Why am I experiencing timeouts?
There a few avenues you should explore when investigating probable root-cause of the observed timeouts:
-
Load Balancer Idle Connection timeouts (AWS): If your requests take more than 60 seconds (the default AWS ELB idle connection timeout) to handle then you might observe 503 HTTP response codes returned when calling Anyscale Service. To increase this default timeout, please reach out to Anyscale Support and we’ll adjust this to a higher value (for your organization).
-
Load Balancer timeouts (GCP): The timeout for GCP is set to 600 seconds by default for request handling. Note, that this timeout is different from idle connection timeout in that it sets a hard deadline for request handling which will timeout irrespective of whether your application is sending response back or not (idle timeout will occur only on connections that didn’t see any response sent back)
How can I query my Service? What about querying a specific version when doing A/B testing?
With Services, users can navigate to the Anyscale Console UI and click on their Service. A drop down will provide a CLI and python script to query the Service endpoint. If doing a rollout, users may choose to query the primary or canary version.

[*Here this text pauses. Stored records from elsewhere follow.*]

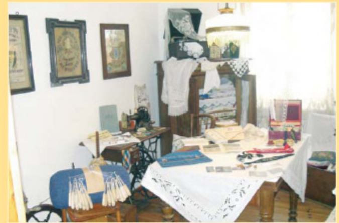
Näh- und Stickstube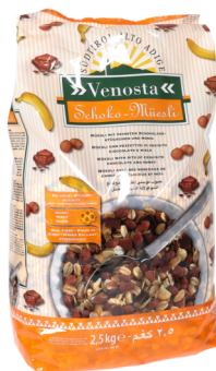
Schokomüsli Venosta 2,5kg Beutel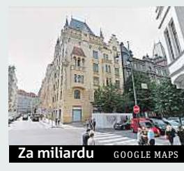
Za miliardu GOOGLE MAPS

Možná i více než jednu miliardu korun utrží saúdskoarabský majitel domu číslo 15 na rohu Pařížské a Široké na pražském Starém Městě. Jednalo by se o nejdražší prodej obytného domu v hlavním městě. Nedaleko tohoto objektu se nyní rekonstruuje další bytová nemovitost, metr čtvereční by zde měl vyjít na 400 tisíc korun. Což je cena staršího domku mimo hlavní realitní oblasti v Česku.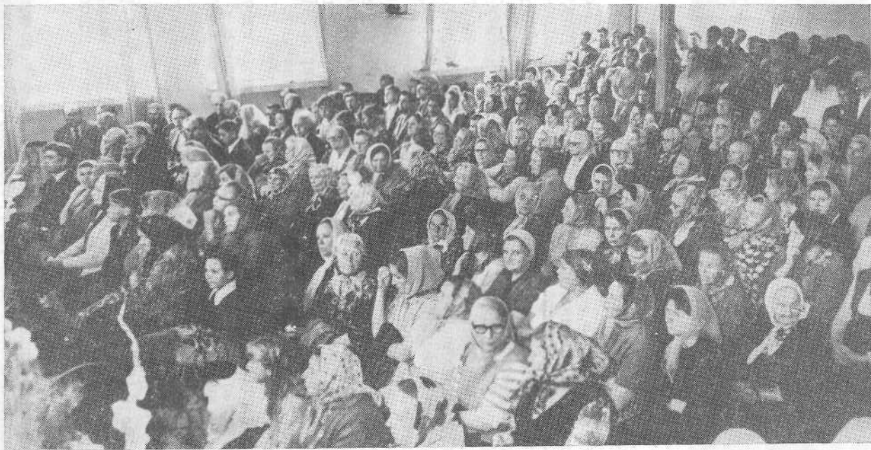
Богослужение в Вильнюсской церкви.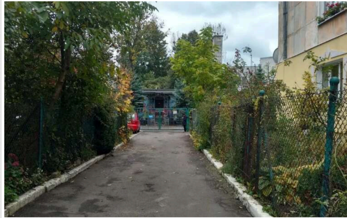
У Львові в притулку евакуйованих дітей із Запорізької області зачиняли в ізоляторі на 5 днів

Омбудсмен Дмитро Лубінець заявив, що у дитячому притулку Служби у справах дітей Львівської ОВА виявили ряд порушень прав вихованців. Зокрема, за різні порушення дітей відправляють в ізолятор, а медичні працівники, які працюють у притулку, не мають відповідної ліцензії.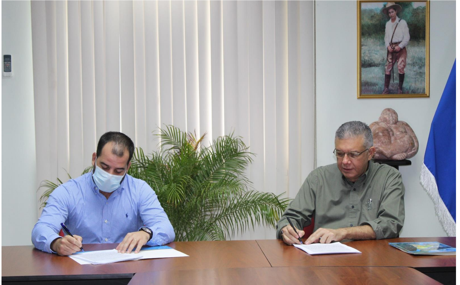
Firma de contrato.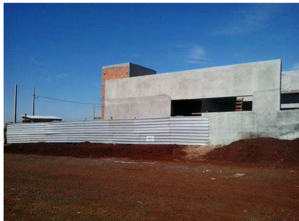
Figura 05C: Parede frontal do PAB e do volume (pórtico), já finalizadas e rebocadas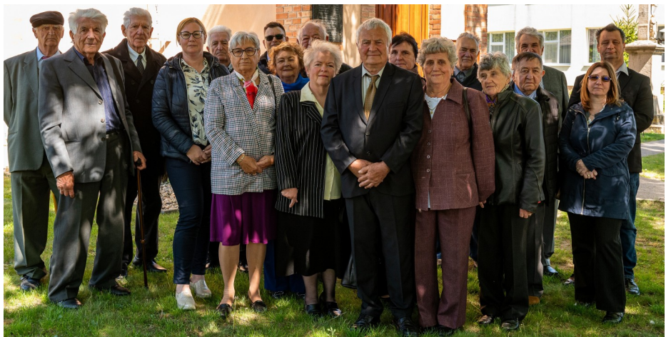
A Szent Vendel társulat tagjai

Idei terveink között szerepel, hogy felkeressük a Jászságban lévő Szent Vendel szobrokat, és a Jász Világtalálkózón szeretnénk képeken bemutatni a fellelhető többi szobrot is, hátha fel tudnánk hívni mások figyelmét is a hagyományok megőrzésére, tiszteletére.

Can I configure the URL slug and endpoint of an Anyscale Service?
Users can provide a name when deploying an Anyscale Production Service that is integrated into the host header.
The format for the host header:
<service_name>-<5 digit random hex>.<cloud_id>.s.anyscaleuserdata.com.
Can I remove the bearer token from my Anyscale Service?
Users have the option to toggle the bearer token for individual services by providing an access configuration in the Service YAML. By default, services are deployed with a bearer token, but it can be disabled using the query_auth_token_enabled
configuration.
The bearer token can be toggled for a running Service by rolling out a new version. It can take up to 5 minutes for the changes to be propagated, so exercise caution when toggling the bearer token for Services in production.